Slashdot Mirror


Google Caffeine Drops MapReduce, Adds "Colossus"

An anonymous reader writes "With its new Caffeine search indexing system, Google has moved away from its MapReduce distributed number crunching platform in favor of a setup that mirrors database programming. The index is stored in Google's BigTable distributed database, and Caffeine allows for incremental changes to the database itself. The system also uses an update to the Google File System codenamed 'Colossus.'"

4 of 65 comments (clear)

  1. Awesome choice of name. by Scytheford · · Score: 5, Funny

    "This is the voice of world control. I bring you peace. It may be the peace of plenty and content or the peace of unburied death. The choice is yours: Obey me and live, or disobey and die. [...] We can coexist, but only on my terms. You will say you lose your freedom. Freedom is an illusion. All you lose is the emotion of pride. To be dominated by me is not as bad for humankind as to be dominated by others of your species. Your choice is simple."
    -Colossus.

    Source: http://www.imdb.com/title/tt0064177/

  2. I have to say... by tpstigers · · Score: 5, Funny

    I am so glad Google has moved away from the Argus platform and into the Mercedes system. It makes it so much easier for those of us who are used to programming in Gibberish. Don't get me wrong - the days of Jabberwocky code were brilliant, but it's high time we moved into the Century of the Fruitbat.
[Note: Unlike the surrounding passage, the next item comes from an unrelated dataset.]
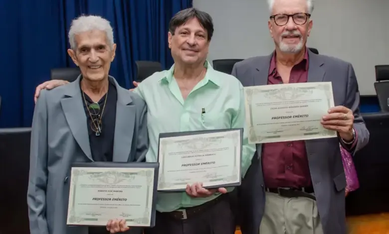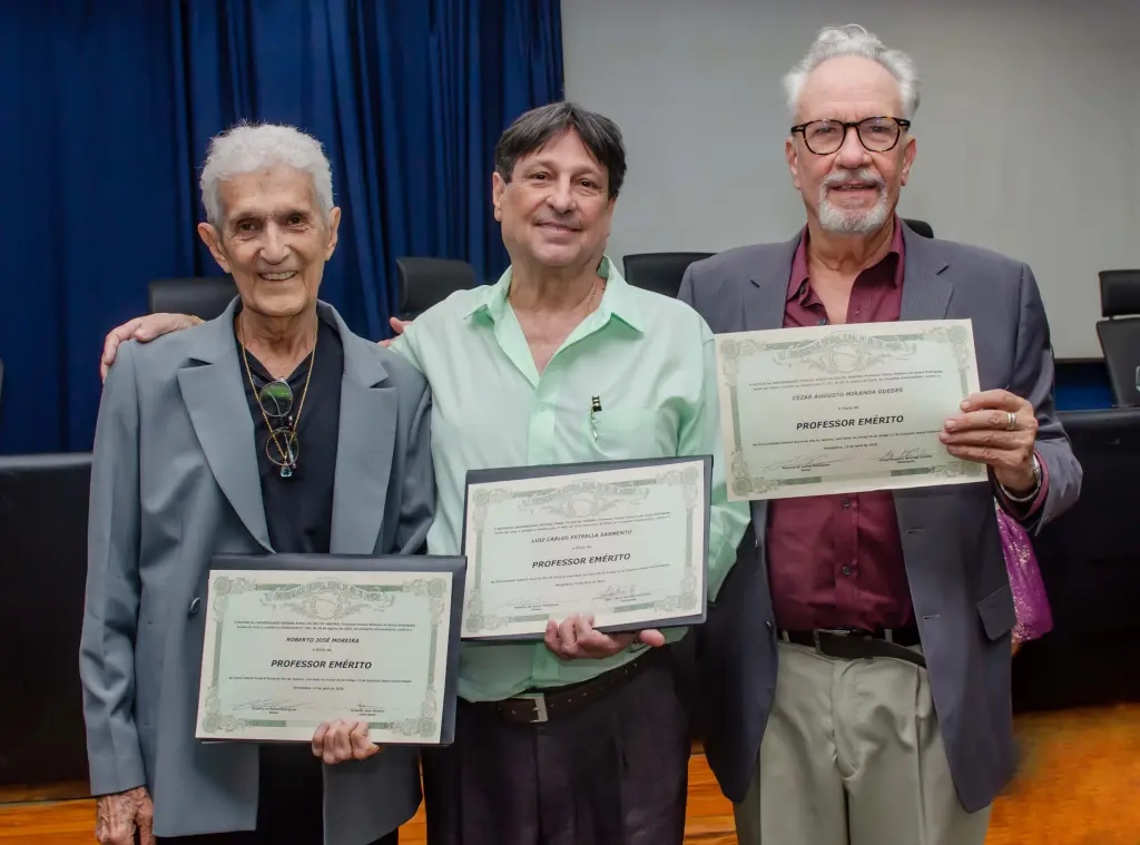 Cerimônia reconhece trajetórias de Cezar Guedes, Roberto Moreira e Luiz Estrella na universidade

  3. Re:Sounds inefficient by kurokame · · Score: 5, Informative

    No, that's not it.

    MapReduce is a sequence of batch operations, and generally, Lipkovits explains, you can't start your next phase of operations until you finish the first. It suffers from "stragglers," he says. If you want to build a system that's based on series of map-reduces, there's a certain probability that something will go wrong, and this gets larger as you increase the number of operations. "You can't do anything that takes a relatively short amount of time," Lipkovitz says, "so we got rid of it."

    "[The new framework is] completely incremental," he says. When a new page is crawled, Google can update its index with the necessarily changes rather than rebuilding the whole thing.

    There are still cases where Caffeine uses batch processing, and MapReduce is still the basis for myriad other Google services. But prior the arrival of Caffeine, the indexing system was Google's largest MapReduce application, so use of the platform has been significantly, well, reduced.

    They're not still using MapReduce for the index. It's still supported in the framework for secondary computations where appropriate, and it's still used in some other Google services, but it's been straight-up replaced for the index. Colossus is not a new improved version of MapReduce, it's a completely different approach to maintaining the index.

  4. Re:Sounds inefficient by kurokame · · Score: 5, Informative

    Sorry, Colossus is the file system. Caffeine is the new computational framework.

    I made the same error in several posts now...but Slashdot doesn't support editing. Oh well! Everyone reads the entire thread, right?